Resource planning in order to minimize slack will have to introduce buffer time. Or if I may say so, reinvent slack.
There's an interesting book by Tom DeMarco called Slack.
A main point in the book is:
if working is modeled as having an inbox queing of work to be done and an outbox of finnished work and if a company consists of many such working units then maximum efficiency defiend as all workers are always occupied is acheived when all inboxes are always full . However, having a full inbox means incoming tasks are queued and hence if all inboxes are full in a company every single task that has to pass many inboxes to be completed will inevitably spend a long time waiting in inboxes . Therefore, a modern highly effective company is a company which cannot respond quickly.

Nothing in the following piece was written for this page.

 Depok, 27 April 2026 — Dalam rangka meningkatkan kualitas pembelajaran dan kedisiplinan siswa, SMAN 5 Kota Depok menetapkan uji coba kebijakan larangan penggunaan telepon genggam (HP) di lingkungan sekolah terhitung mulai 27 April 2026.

Slack in an organization is requried, DeMarco argues, in order to respond quickly to issues (and drive the necessary change of a company required of the changing world, but thats another story).
Observations on MS Project
I've been involved in a few projects utilizing resource planning tools like MS Project and similar tools [1] . Used in a traditional company being effective MS Project has the vital role of making shure the inboxes are never empty but also never too full.

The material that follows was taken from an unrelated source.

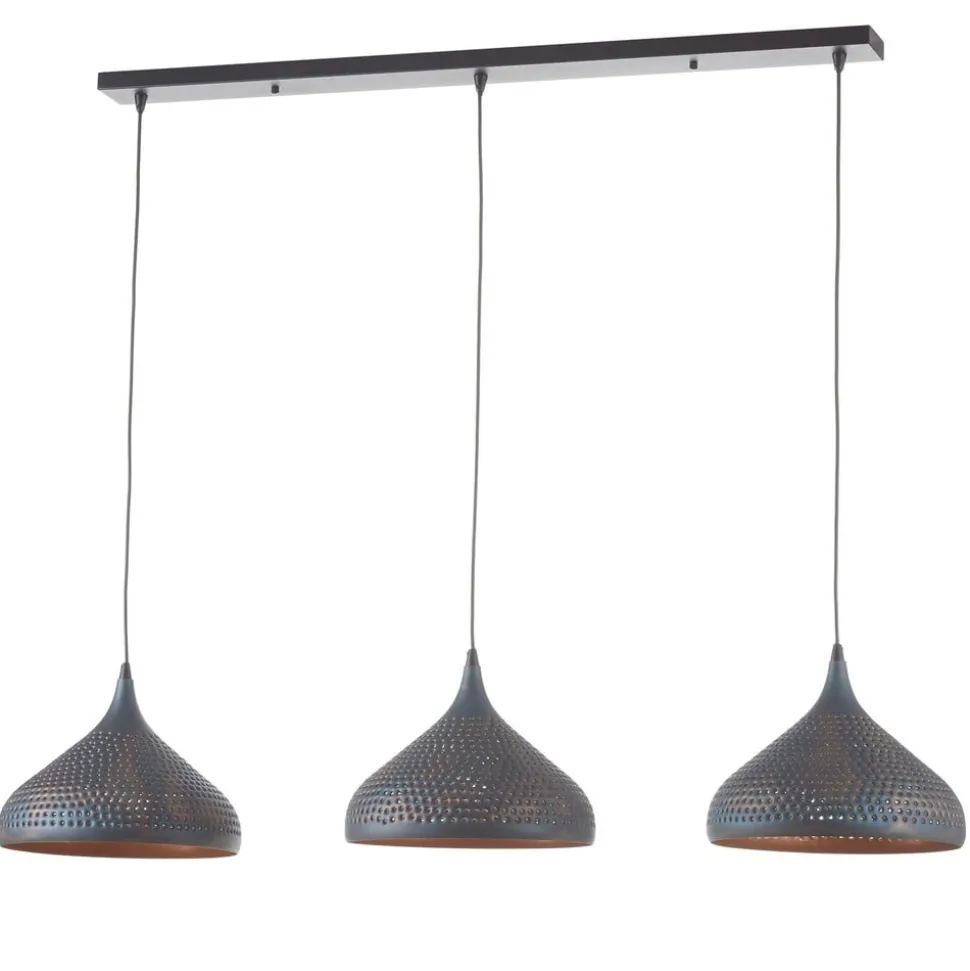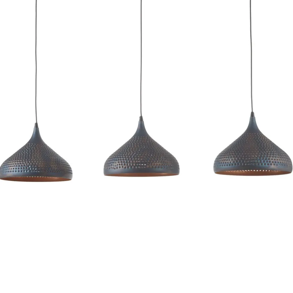 Punchray pendel med tre tragtformede skærme Med tre skærme hængende på række er Punchray særligt velegnet til belysning af langborde. Her giver de nedadgående skærme i form af omvendte tragte direkte lys, mens de utallige huller, der løber gennem metallet, skaber stemningsfulde strålemønstre. Den sortbrune pendels dekorative karakter kan fremhæves med spejllamper, globelamper eller rustikke lamper ved at skabe en varm glød på indersiden af skærmen.

Advanced project leaders try to estimate and compute the time a specific task will spend in each inbox and in each process step. But such planning can only reduce the lead time of an expected task by minimizing planned waiting time. Unexpected events, additional tasks etc. can rappidly defeat any such plan. Therefore all project managers learn to introduce buffer time. That is, one plans for extra time somewhere because the detailed plan crafted to reduce lead time while keeping inboxes full indicated (surprisingly) that unexpected events may give rise to heavilly increased lead times due to dependencies.
And buffer time is...?
[1] Other usefull tools are Mr Project and Open Project.